Any sentence generated by a CF grammar, that is longer than the longest original sentence from that grammar, can be cut into five pieces \(u,v,w,x\) and \(y\) in such a way that \(uv^nwx^ny\) is a sentence from that grammar for all \(n \ge 0\)

All long unoriginal string s that CF generates have this pumping quality:

You can break them up into five pieces, so that the second and forth piece can be repeated and stay in the language.

Type 3 grammars

Definition:

Definition: A grammar is Type 3 regular grammars if all of its rules are regular.
- Regular #1: A non-terminal produces zero or more terminals.
- Regular #2: A non-terminal produces zero or more terminals followed by one non-terminal.

Type 3 grammars are also called regular grammars or finite-state grammars. Since regular grammars are used very often to describe the structure of text on the character level. (e.g. classification of different tokens)

Type 4 grammars

The last restriction we shall apply to what is allowed in a production rule is a pretty final one: no non-terminal is allowed in the right-hand side. This removes all the generative power from the mechanism, except for the choosing of alternatives, which will only introduce a finite number of terminals.

The type 4 grammar is also called finite-choice grammar. And it can only be used in some limited situations (e.g. classification of different chars).

A comparision of grammar types

This differece between these grammars has been depicted metaphorically in the rose figure above, in which a rose is approximated by increasingly finer outlines. In this metaphor, the rose corresponds to the language (imagine the sentences of the language as molecules in the rose); the grammar serves to delineate its silhouette. * A regular grammar only allows us straight horizontal and vertical line segments to describe the flower; ruler and T-square suffice, but the result is a coarse and mechanical-looking picture. * A CF grammar would approximate the outline by straight lines at any angle and by circle segments; the drawing could still be made using the classical tools of compasses and ruler. The result is stilted but recognizable. * A CS grammar would present us with a smooth curve tightly enveloping the flower, but the curve is too smooth: it cannot follow all the sharp turns and it deviates slightly at complicated points; still, a very realistic picture results. * An unrestricted phrase structure grammar can represent the outline perfectly. The rose itself cannot be caught in a finite description; its essence remains forever out of our reach.

A more prosaic and practical example can be found in the successive sets of Pascal programs that can be generated by the various grammar types.

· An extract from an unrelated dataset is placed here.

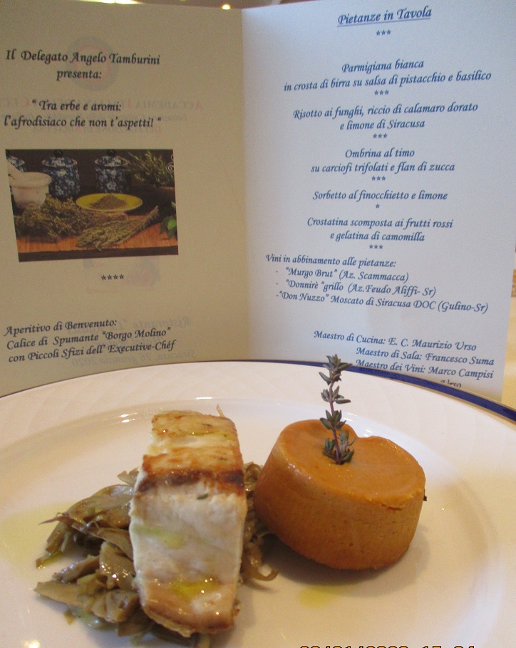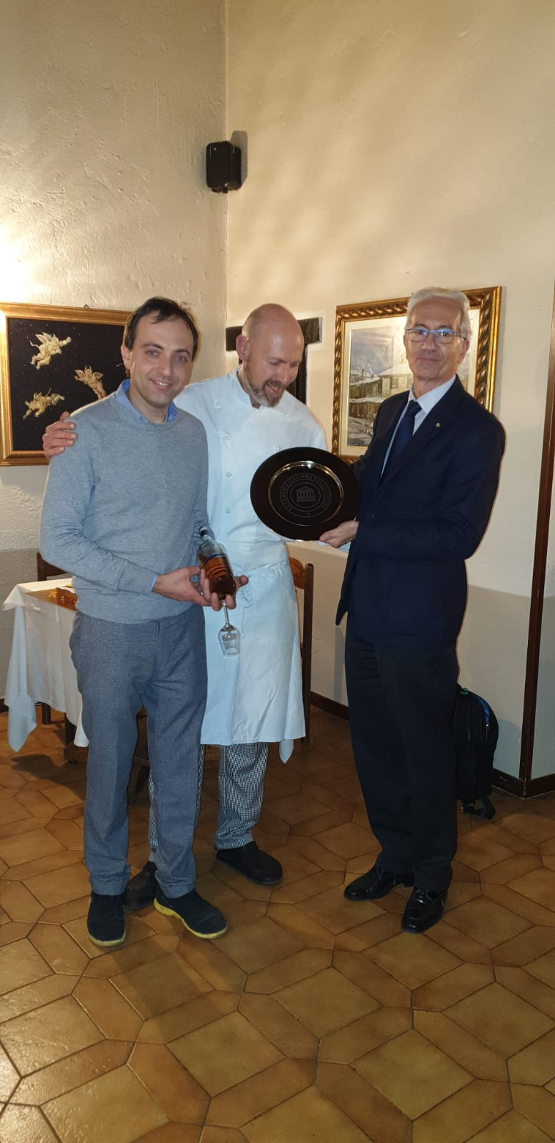La Delegazione di Messina ha visitato il ristorante “La Tonnara”, attivo da molti anni, con una vasta partecipazione (foto 1). L’entusiasmo dello chef-patron gli ha meritato la consegna del guidoncino (foto 2) e una valutazione complessivamente positiva specialmente per l’antipasto.

The set of all lexically correct Pascal programs can be generated by a regular grammar.
- A Pascal program is lexically correct if there are no newlines insidstrings, comment is terminated before end-of-file, all numerical constants have the right form, etc.
The set of all syntactically correct Pascal programs can be generated by a context-free grammar.
The set of all semantically correct Pascal programs can be generated by a CS grammar
- A Pascal programs is semantically correct if it will pass through a Pascal compiler without drawing error messages.
The set of all Pascal programs that would terminate in finite time when run with a given input can be generated by an unrestricted phrase structure grammar.
The set of all Pascal programs that solve a given problem (for instance, play chess) cannot be generated by a grammar (although the description of the set is finite).